Checkpoints#

Pre-trained SSL checkpoints available in NeMo need to be further fine-tuned on down-stream task. There are two main ways to load pretrained checkpoints in NeMo:

  • Using the restore_from() method to load a local checkpoint file (.nemo), or

  • Using the from_pretrained() method to download and set up a checkpoint from NGC.

Refer to the following sections for instructions and examples for each.

Note that these instructions are for fine-tuning. To resume an unfinished training experiment, use the Experiment Manager to do so by setting the resume_if_exists flag to True.

Loading Local Checkpoints#

NeMo automatically saves checkpoints of a model that is trained in a .nemo format. Alternatively, to manually save the model at any point, issue model.save_to(<checkpoint_path>.nemo).

If there is a local .nemo checkpoint that you’d like to load, use the restore_from() method:

import nemo.collections.asr as nemo_asr
ssl_model = nemo_asr.models.<MODEL_BASE_CLASS>.restore_from(restore_path="<path/to/checkpoint/file.nemo>")

Where the model base class is the ASR model class of the original checkpoint, or the general ASRModel class.

Loading NGC Pretrained Checkpoints#

The SSL collection has checkpoints of several models trained on various datasets.
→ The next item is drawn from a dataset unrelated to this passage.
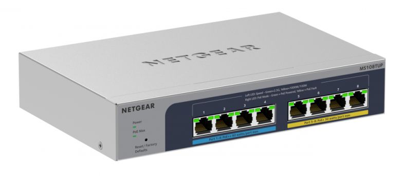 넷기어 MS108TUP는 모든 포트에서 2.5Gbps 속도를 제공하는 스위치 허브다. 여기에 포트당 최대 60W 전원을 제공하는 PoE++ 기능까지 갖춰 고전력을 요구하는 PoE 장치도 문제없이 연결해 사용할 수 있다. 특히 연결한 장치의 PoE 전원 공급을 자동으로 조정하는 PoE 자동 밸런스 기능까지 제공해 편리하다.

These checkpoints are obtainable via NGC NeMo Automatic Speech Recognition collection. The model cards on NGC contain more information about each of the checkpoints available.

The table at the end of this page lists the SSL models available from NGC. The models can be accessed via the from_pretrained() method inside the ASR Model class. In general, you can load any of these models with code in the following format:

import nemo.collections.asr as nemo_asr
ssl_model = nemo_asr.models.ASRModel.from_pretrained(model_name="<MODEL_NAME>")

Where the model_name is the value under “Model Name” entry in the tables below.

For example, to load the conformer Large SSL checkpoint, run:

ssl_model = nemo_asr.models.ASRModel.from_pretrained(model_name="ssl_en_conformer_large")

You can also call from_pretrained() from the specific model class (such as SpeechEncDecSelfSupervisedModel for Conformer) if you need to access a specific model functionality.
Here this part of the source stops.